Die einzigartigen Merkmale der 25 Tropenholzarten in einem Atlas aufzulisten ist der erste Schritt. Parallel stellen Forscher des Instituts für Holzchemie aus den Proben Papier her, wobei sie die Tropenholzfasern mit Fasern anderer Arten vermischen, wie es gängige Praxis ist. Das so produzierte Papier wird Stephanie Helmling auflösen und dann überprüfen, ob sie darin die spezifischen Merkmale der einzelnen Tropenholzarten wiederfindet.

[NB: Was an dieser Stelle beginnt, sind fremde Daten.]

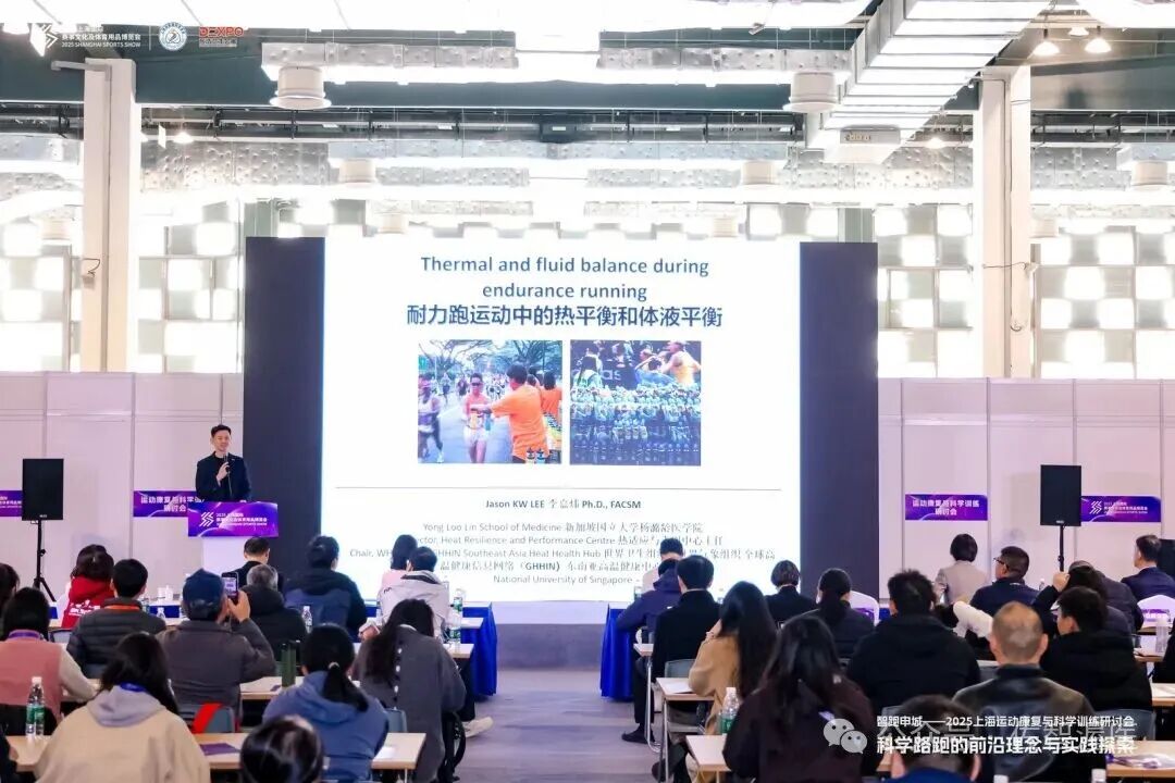在主旨演讲环节,多位专家围绕路跑运动的科学训练与康复主题展开深度分享。陈世益教授以《路跑常见运动损伤的防治与康复》为题,结合丰富临床案例,系统解析了常见跑步损伤的成因与康复策略;Jason Kai Wei LEE(李家炜)教授聚焦《湿热环境下长跑运动员的体温调节》,分享了高温高湿环境下的运动表现与体温管理最新研究成果,并为跑者提供了科学的补液策略指导;邱俊强教授则在《路跑人群的营养需求与解决方案》中,从运动生物化学的视角切入,深入剖析了路跑人群在不同训练阶段的营养需求特点,并就能量代谢与营养补给提出了专业建议。

Bis 2013 wollen die Hamburger die 25 Arten in Papier nachweisen können. Allerdings werden sie prinzipiell nicht zeigen können, ob enthaltenes Tropenholz illegal eingeschlagen wurde, denn dazu bräuchten sie genetische Informationen, die Rückschlüsse zulassen, wo der Baum gewachsen ist. Diese Informationen werden aber beim Kochen der Holzfaser zerstört. Dass illegales Tropenholz in Papier verarbeitet wird, zeigt folgender Fall: Auf einem Lagerplatz von Asiens größtem Papierproduzenten APP sammelten Greenpeace-Mitarbeiter Holzschnitzel, die sie Gerald Koch und seinem Team übergaben. Das Ergebnis: Die Proben enthielten Spuren von Ramin, einer Tropenholzart, die durch das Washingtoner Artenschutzabkommen geschützt ist.

Doch auch wenn sie künftig auf legal eingeschlagenes Tropenholz in Papier stießen, würde sich dadurch der Druck auf die Importeure erhöhen, hofft Gerald Koch. Diese wiederum würden Druck auf die Produzenten in Südostasien ausüben, kein Tropenholz mehr zu verwenden. Was die neuen Methoden tatsächlich bewirken werden, muss sich noch zeigen. Zwar besagt die EU-Holzhandelsverordnung, die ab März 2013 gelten wird, dass Unternehmen "alle gebotene Sorgfalt walten lassen" sollen, damit kein illegal geschlagenes Holz in den Handel gelangt. Ob sie das tatsächlich tun, wird die Bundesanstalt für Landwirtschaft und Ernährung kontrollieren - aber nur anhand von Dokumenten. Erst bei Verdachtsfällen könnten Forscher wie Koch und Helmling aktiv werden - und wenn Unternehmen freiwillig an sie herantreten, um ihr Papier testen zu lassen.